_Information provided_:

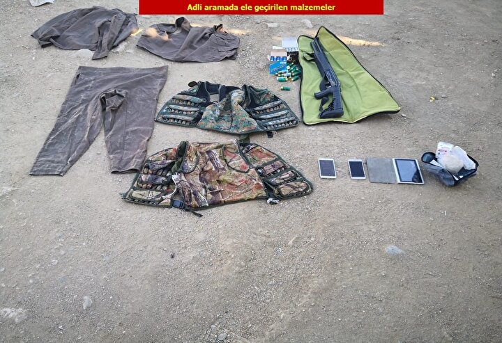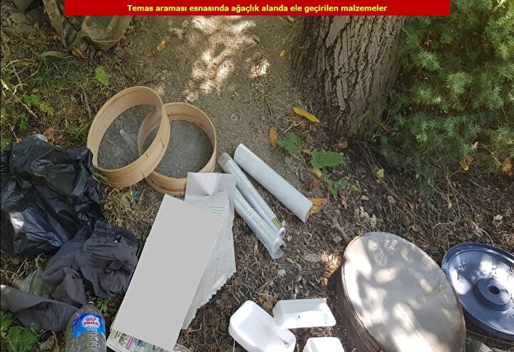 Açıklamada, aramalarda bahse konu teröristler üzerinde ve sığınak, ağaçlık, kayalık alan ile toprağa gömülü jelikan bidonlar içerisinde 3 kalaşnikof piyade tüfeği, 4 el bombası, tabanca, 11 şarjör, ruhsatsız av tüfeği, 361 fişek, çabuk nişan alma aleti, iki kilogram amonyum nitrat, telsiz, güneş paneli, 100 metre elektrik kablosu, 4 pil, iki sanayi tipi tüp, küçük dolu tüp ve çok sayıda giyim, yaşam, tıbbi malzemeleri ile örgütsel kitap ele geçirildiği ifade edilerek şunlara yer verildi:
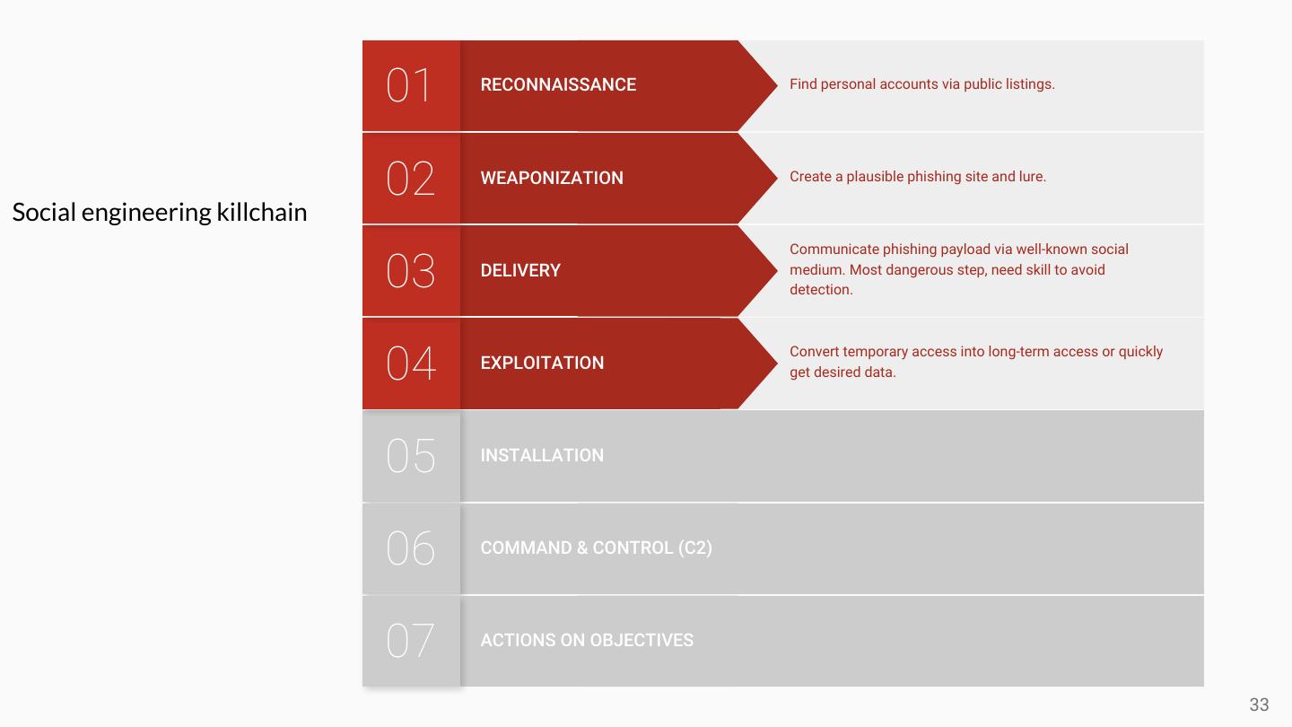 28 .Leadership Model of high-end operations Tasking Strategy Target Selection Operational Teams East-West Exploit Passive Recon Grooming Movement Exfiltration Deployment / Escalation East-West Exploit Passive Recon Grooming Movement Exfiltration Deployment / Escalation Central R&D team Vulnerability Research Weaponization Infrastructure Creation 28
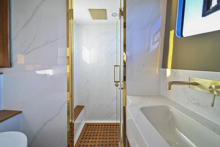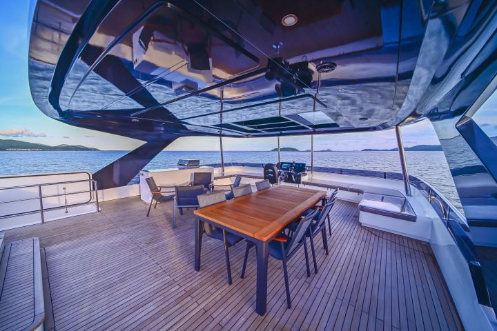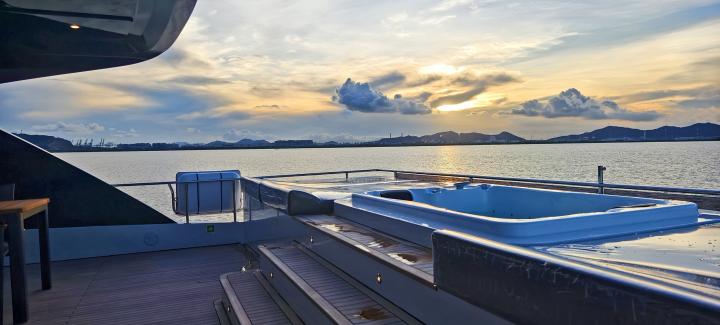 Unwind in the upper-deck Jacuzzi, retreat to one of the two Master Suites, or enjoy the sea views from the forward outdoor lounge. Every area aboard EVITA is designed for pure relaxation and elevated living, blending modern style with luxurious comfort in a truly unforgettable cruising experience.
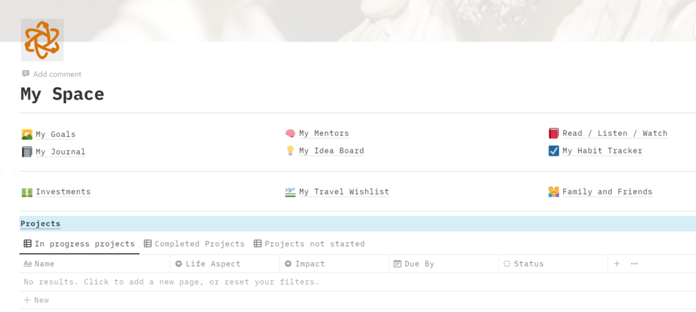 "My Space" is created using Notion. It is a simple digital organizer that helps you keep track of your Goals, Projects, Ideas, Travel plans, Investments, Relations, Habits etc. Its simplicity helps you focus on your stuff instead of focusing on the template itself.

_Aim of the exercise_:
Drop the pictures and give every line above again exactly.

_Expected answer_:
 Açıklamada, aramalarda bahse konu teröristler üzerinde ve sığınak, ağaçlık, kayalık alan ile toprağa gömülü jelikan bidonlar içerisinde 3 kalaşnikof piyade tüfeği, 4 el bombası, tabanca, 11 şarjör, ruhsatsız av tüfeği, 361 fişek, çabuk nişan alma aleti, iki kilogram amonyum nitrat, telsiz, güneş paneli, 100 metre elektrik kablosu, 4 pil, iki sanayi tipi tüp, küçük dolu tüp ve çok sayıda giyim, yaşam, tıbbi malzemeleri ile örgütsel kitap ele geçirildiği ifade edilerek şunlara yer verildi:
 28 .Leadership Model of high-end operations Tasking Strategy Target Selection Operational Teams East-West Exploit Passive Recon Grooming Movement Exfiltration Deployment / Escalation East-West Exploit Passive Recon Grooming Movement Exfiltration Deployment / Escalation Central R&D team Vulnerability Research Weaponization Infrastructure Creation 28
 Unwind in the upper-deck Jacuzzi, retreat to one of the two Master Suites, or enjoy the sea views from the forward outdoor lounge. Every area aboard EVITA is designed for pure relaxation and elevated living, blending modern style with luxurious comfort in a truly unforgettable cruising experience.
 "My Space" is created using Notion. It is a simple digital organizer that helps you keep track of your Goals, Projects, Ideas, Travel plans, Investments, Relations, Habits etc. Its simplicity helps you focus on your stuff instead of focusing on the template itself.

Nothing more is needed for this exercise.